What virtual threads give is the ability to write the code like I did above and still get ideal performance, as opposed to.

    callRemoteA(client)
       .then(remoteResultA -> callRemoteB(f(remoteResultA)))
       .then(... your world lives here now ...);
Virtual threads are, from a language semantics point of view, the same as regular threads. Virtual threads map maybe 10000 "logical threads" to a handful (maybe 8 or so) actual operating system threads.

The big difference is that for each regular Thread you have exactly one backing Operating System thread.

I agree that this would be a better example that would make more sense (and I also think that the reasoning you provided should be added as context to that code snippet).
That entire section is running on a virtual thread, which is scheduled on a platform (OS) thread. While it blocks for each callRemote invocation the platform thread is free to process other virtual threads.

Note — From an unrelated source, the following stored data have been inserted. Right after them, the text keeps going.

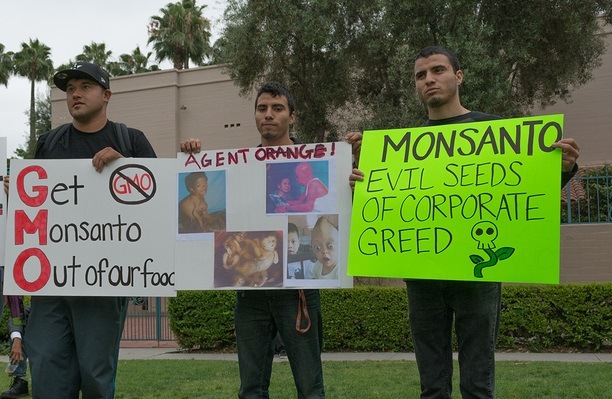 LOS ANGELES CA – MAY 24: Protesters rallied in the streets against the Monsanto corporation. The company is accused of genetically modifying foods unsafely. May 24 2014 in Los Angeles California.
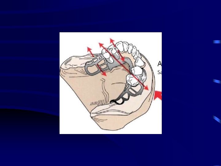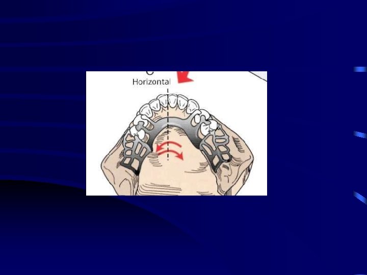 This movement is resisted primarily by the rigidity of the major and minor connectors and their ability to resist torque. • If the connectors are not rigid or if a stress-breaker – this rotation about a longitudinal axis either applies undue stress to the sides of the supporting ridge – horizontal shifting of the denture base.
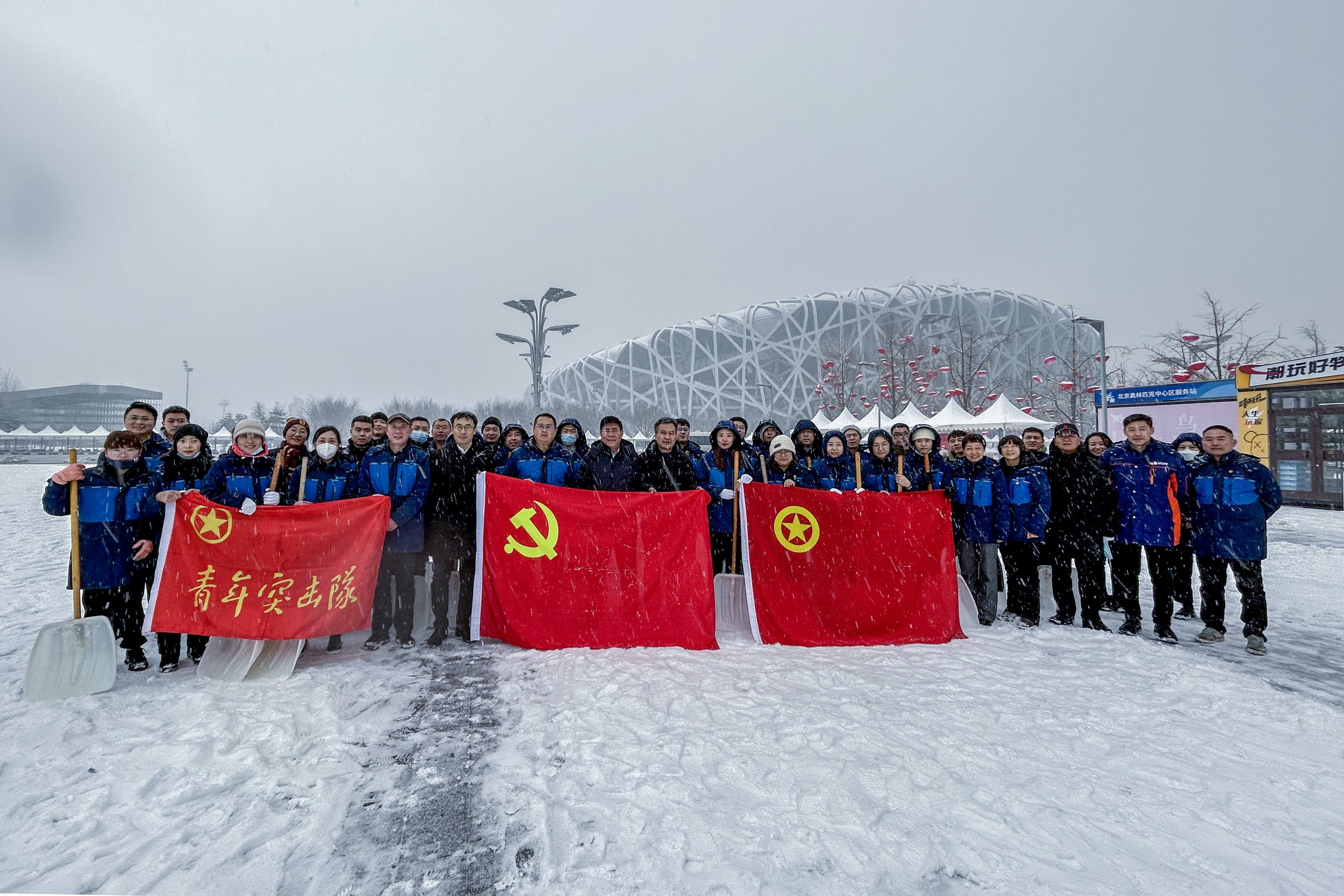 集团总部党员突击队、青年突击队在奥林匹克园区除雪(工人日报吴凡摄)
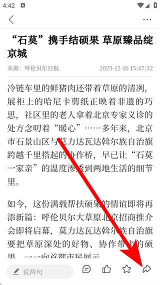 4、在资讯详情页,点击分享按钮,进入弹窗页面。
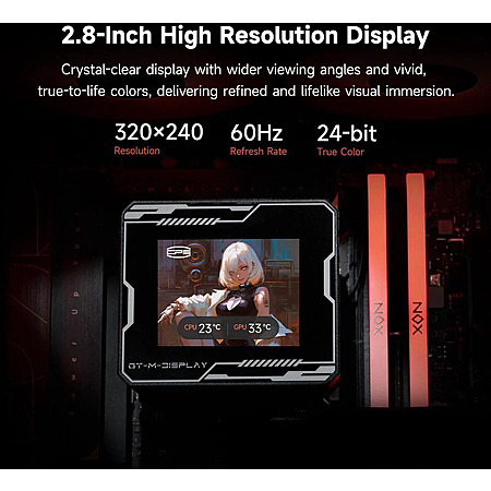 2.8" High-Resolution LCD Display 320×240 IPS screen with 60Hz refresh rate and 24-bit true color delivers vivid visuals and wide viewing angles for real-time stats or custom graphics.
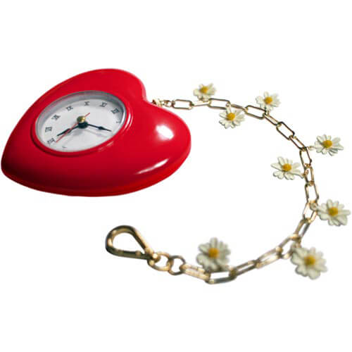 Ten zegar w kształcie serca o wymiarach 11 cm jest wykonany z metalu i ma działający zegarek kwarcowy w środku, tworząc niezbędny kleszcza prawdziwego serca. Do serca przymocowana jest złoty łańcuch, który jest ozdobiony stokrotkami i ma zamknięcie klipu homara.

https://docs.oracle.com/en/java/javase/20/core/virtual-threa...

In addition, this implementation detail might help in gaining some insight: "The synchronous networking Java APIs, when run in a virtual thread, switch the underlying native socket into non-blocking mode. When an I/O operation invoked from Java code does not complete immediately (the native socket returns EAGAIN - “not ready” / “would block”), the underlying native socket is registered with a JVM-wide event notification mechanism (a Poller), and the virtual thread is parked. When the underlying I/O operation is ready (an event arrives at the Poller), the virtual thread is unparked and the underlying socket operation is retried."

https://inside.java/2021/05/10/networking-io-with-virtual-th...

Yeah but if for some reason, no other (or few other) request is coming in concurrently, then the CPU will just sit by idly. I don't understand why you wouldn't issue the "callRemote" calls concurrently, that seems like it's missing the point of writing non-blocking code.
Exactly. That's the point. It is beneficial only when you have a huge number of requests relative to the number of platform threads.

The idea is that you can map a million of these virtual threads on to a small number of platform threads, and the JVM will schedule the work for you, to achieve maximum throughput without needing to write any complicated code. Virtual threads are for high throughput on concurrent blocking requests.

EDIT: the sequential calls to "callRemote" still process in sequence, blocking on each call. Don't get confused there. But the overall HTTP request itself is running on a virtual thread and does not block other HTTP requests while waiting for the callRemote invocations to complete.

> EDIT: the sequential calls to "callRemote" still process in sequence, blocking on each call. Don't get confused there. But the overall HTTP request itself is running on a virtual thread and does not block other HTTP requests while waiting for the callRemote invocations to complete.

Yeah I got that. But then the use case seems to be much narrower, because not every scenario is one where many concurrent requests come in at the same time. If you write non-blocking code you'll get high throughput no matter the number of requests. Ok, maybe non-blocking code is harder to write (and I don't think it's actually that hard if you use, say, Kotlin coroutines), but honestly this seems to me like something that developers should learn eventually anyway.

Or maybe it's me being weird. But I remember 10 years ago when node.js was being hyped for being "fast" because it was "async" and now suddenly using threads and blocking operations is again all the rage now.

You certainly could make the callRemote calls in parallel, and there are easy and safe ways to do that (good old CompletableFuture or the new structured concurrency stuff). But doing that or not is completely independent of using Nima, so I think here they're just showing some very simple code, because this is an example of using Nima, not an example of writing concurrent code in general.
Because concurrent calls are confusing and create bugs.

The point this train wreck of an example is trying to make (and failing) is that it's fine to write sequential blocking code in your request handlers. They can take as long as they want ... seconds, minutes, days .... because the handler threads are now an infinite resource as far as the JVM is concerned.